La croissance mondiale s'est avérée plus résiliente que prévu face au choc de l'offre d'énergie provoqué par la guerre en Iran et la fermeture du détroit d'Ormuz, a déclaré mardi la directrice générale du Fonds monétaire international, Kristalina Georgieva.
Parlant à l'occasion de la réunion des dirigeants en charge des finances du G20 qui aura lieu la semaine prochaine à Asheville, en Caroline du Nord, Georgieva a décrit un équilibre entre les chocs énergétiques négatifs provenant du Proche-Orient et les impulsions positives liées à la croissance découlant du boom des investissements dans l'intelligence artificielle. Ce dernier, concentré au départ aux États-Unis, se répand désormais à l'international, à mesure que les pays étendent la construction de centres de données et le déploiement de matériels d'intelligence artificielle.

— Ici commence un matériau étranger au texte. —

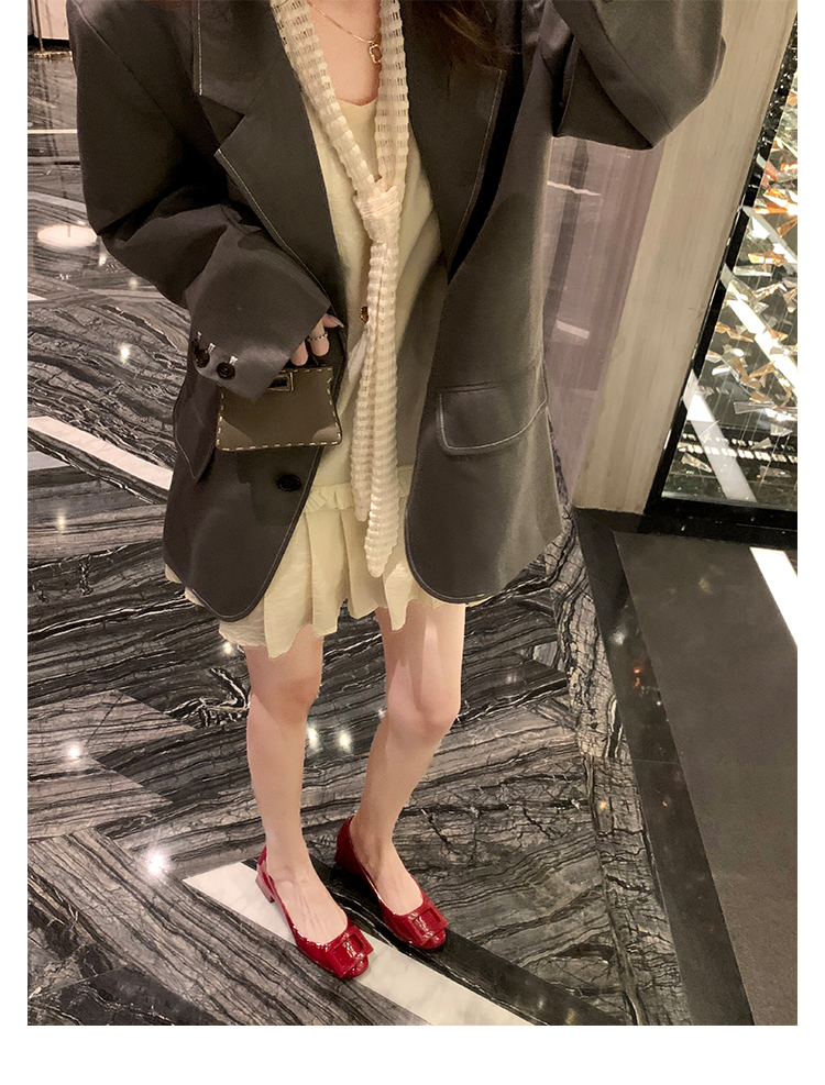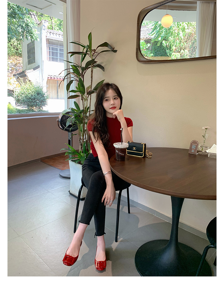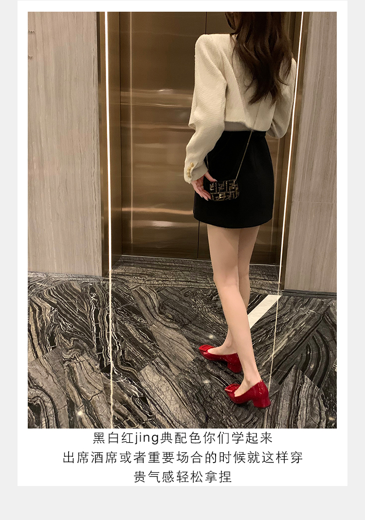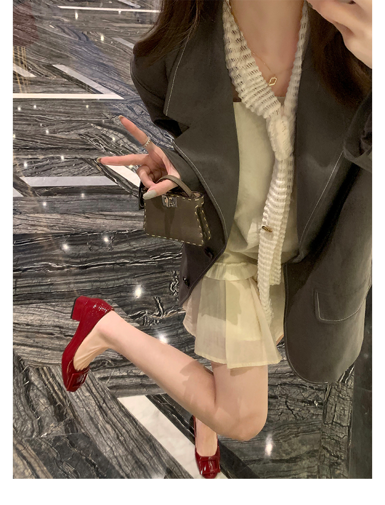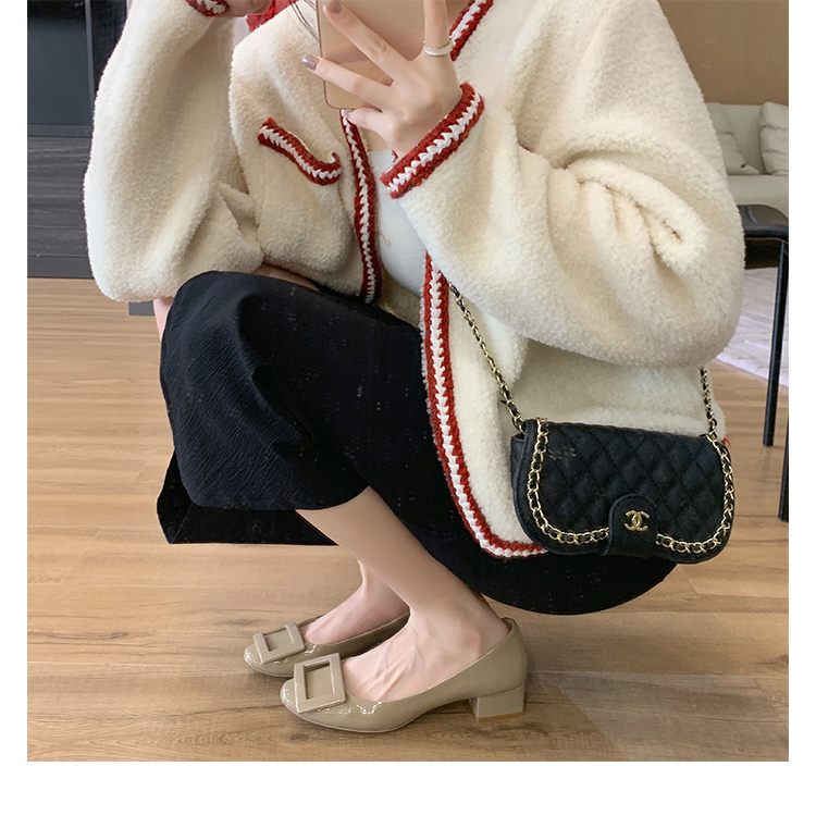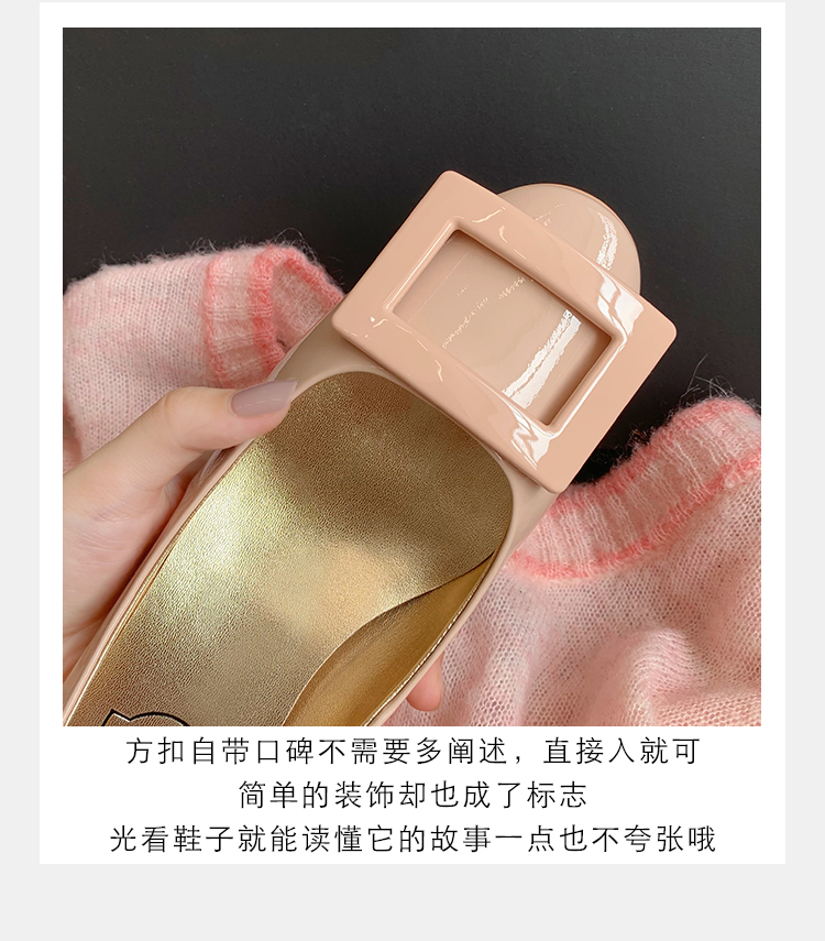 재고 포도 엄마 프렌치 클래식 스퀘어 버클 얕은 입 라운드 헤드 우아한 청키 힐 샤넬 스타일 여성의 여름과 가을 싱글 레이어 신발스토어 가기
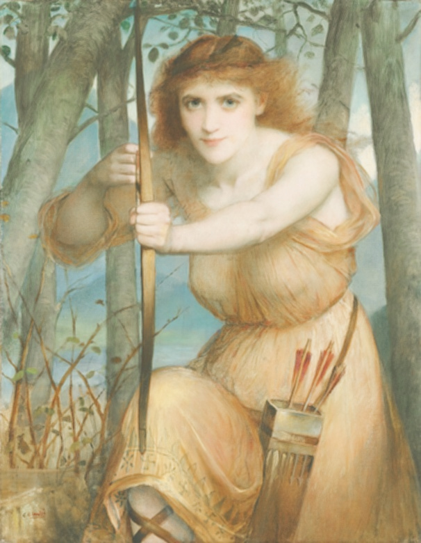 Within this work, Hallé demonstrates his interest in classical themes by depicting Diana, the Roman goddess of the hunt and nature. Though tackling a mythological subject, Hallé stylistically expresses his alignment with the Pre-Raphaelites through Diana’s flowing auburn hair, pale porcelain skin and green eyes. Here the huntress turns on the viewer, gazing coolly out of the picture plane, with her bow and arrow trained on the spectator. This action is perhaps a subversion of the famous tale of Diana and Actæon as recounted in Ovid’s Metamorphoses. In the story, while out on a hunt, Actæon stumbles upon Diana bathing with her nymphs. Enraged at having been seen in such a state of undress, Diana turns the hapless hunter into a deer, whereupon he is promptly hunted by his own hounds as punishment for his indiscretion. In the present lot, Diana embodies strong and vengeful womanhood, as she is now placed in the position of power and confrontation. This subject was perhaps selected by Hallé due to the theme of female liberation, which was then at the fore in contemporary society, owing to the gathering momentum of the suffragette movement. More on this painting
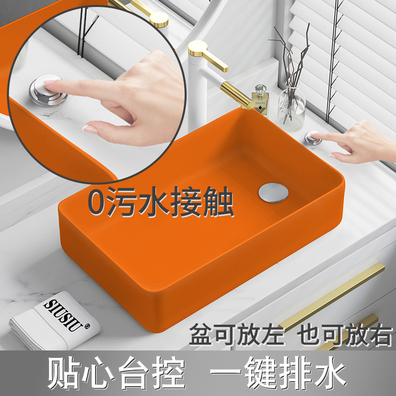 Baskom Atas Meja Baskom Cuci Air Bawah Air Sisi Cuci Tangan Oranye Baskom Cuci Air Baskom Drainase Kontrol Meja Kiri dan Kanan
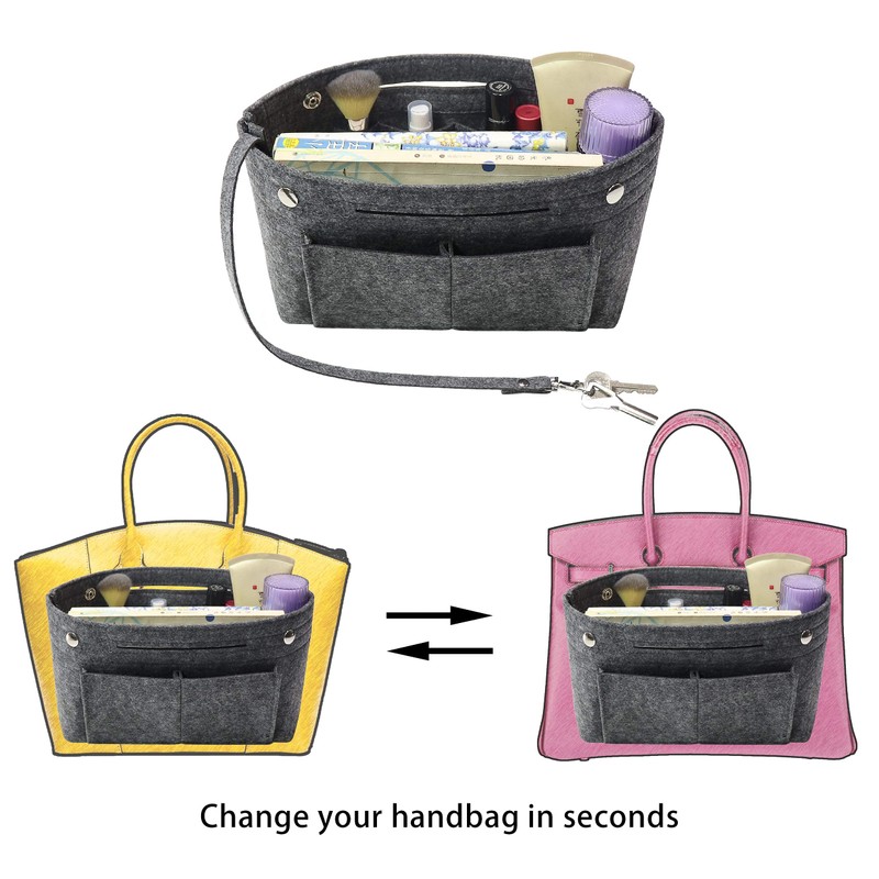 - BUILT-IN HANDLES & REMOVABLE LONG KEY CHAIN The handbag organizer insert with built-in handles makes it easier and more convenient to change your handbag in seconds. Extra removable long felt key chain makes it easy to find the keys and is long enough to reach the door.
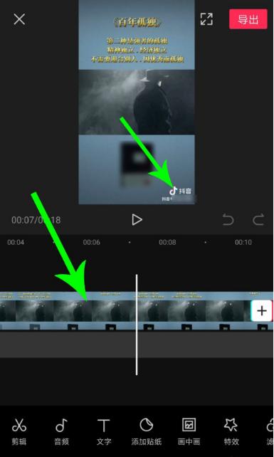 6、画中画视频缩小以后,拖放置抖音号水印位置,将其遮盖起来,而后单击导出即可。
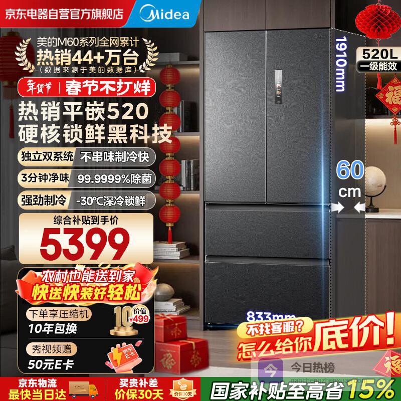 1. 美的M60小机皇520法式多门冰箱
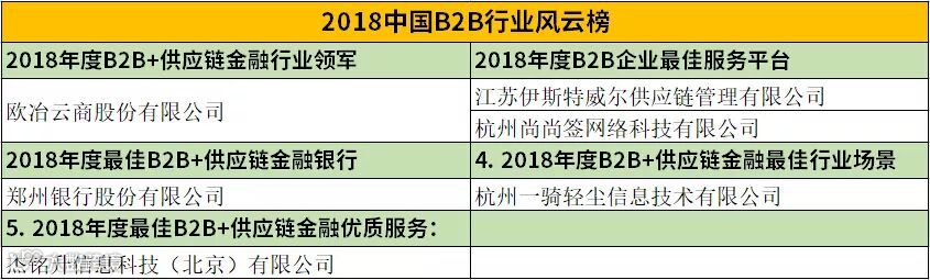 敦煌网、化纤邦、马上银、卖好车、摩贝网、木材码头、欧冶云商、奇化网、全塑联、扫IC网、铜道、我的钢铁、五阿哥、亿建联、易单网、易煤网、易塑家、优化工、找钢网、中驰车福、中国电力设备信息网、中国网库、酒仙网等企业凭借自身独特的优势,获得“2018中国B2B企业竞争力30强“的荣誉。
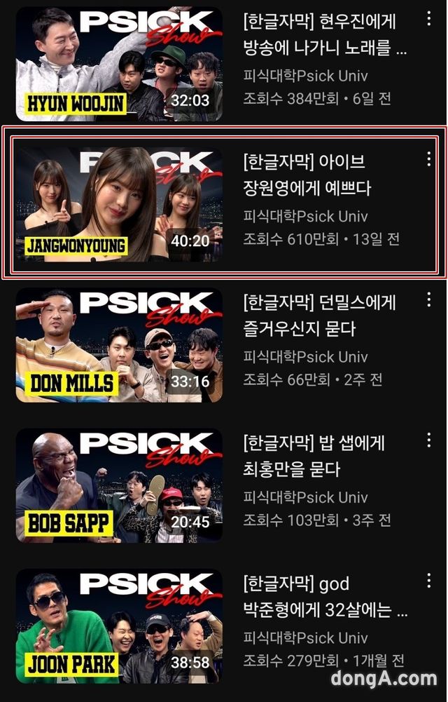 그러나 피식대학표 강약약강(강자에겐 약하고 약자에겐 강하다)식 코미디는 여전히 지적받고 있다. 일례로 지난 5일 게재된 '피식쇼' 아이브 장원영 편 썸네일이 있다. 게스트와 MC들의 얼굴을 나란히 배치한 뒤 'PSICK Show'라는 로고를 새기는 게 그동안의 형식이었는데, 장원영 편만 다르다는 문제 제기가 이어졌다. 썸네일에 MC들의 얼굴은 없고 게스트인 장원영의 사진 세 장이 나란히 자리, 'PSICK Show' 로고도 장원영 사진 배치에 가려져 교묘하게 'Fxxx She'로 보인다. 장원영 편 다음인 현우진 편 썸네일은 기존 구성을 따르고 있어 '고의성'에 무게가 실렸다. 국내외 시청자들은 '어린 여성을 상대로 성희롱을 한다'고 수정을 요구하고 있다.

Georgieva a souligné la montée des inquiétudes liées à la fiscalité, en soulignant la hausse des rendements obligataires et l’inertie quant à la désinflation dans plusieurs économies. Les risques pour la perspective mondiale restent décalés à la baisse, a-t-elle déclaré, alors que les banques centrales sont attendues pour maintenir des politiques monétaires restrictives afin de contenir l’inflation. La directrice du FMI a noté que la détérioration des finances publiques dans certains pays pourrait restreindre davantage l’espace de politique.
La résilience confrontée à ce choc énergétique est le résultat d'une combinaison de facteurs, dont la réduction des réserves de pétrole et de gaz dans de nombreux pays, l'augmentation de l'offre d'énergie hors de la région du golfe, la baisse de la demande, l'expansion des capacités d'énergie renouvelable et le retour partiel à la production d'électricité à partir du charbon dans certaines régions. Georgieva a souligné que ces ajustements ont permis d'atténuer les effets des perturbations des flux énergétiques dans le détroit d'Hormuz, un point stratégiquement important pour les livraisons mondiales de pétrole.
L'évaluation du FMI intervient alors que la croissance mondiale fait face à des obstacles persistants, notamment des niveaux de dettes élevés, une inflation persistante et des tensions commerciales qui continuent de mettre à l'épreuve la stabilité économique, malgré une relative résistance à la perturbation énergétique.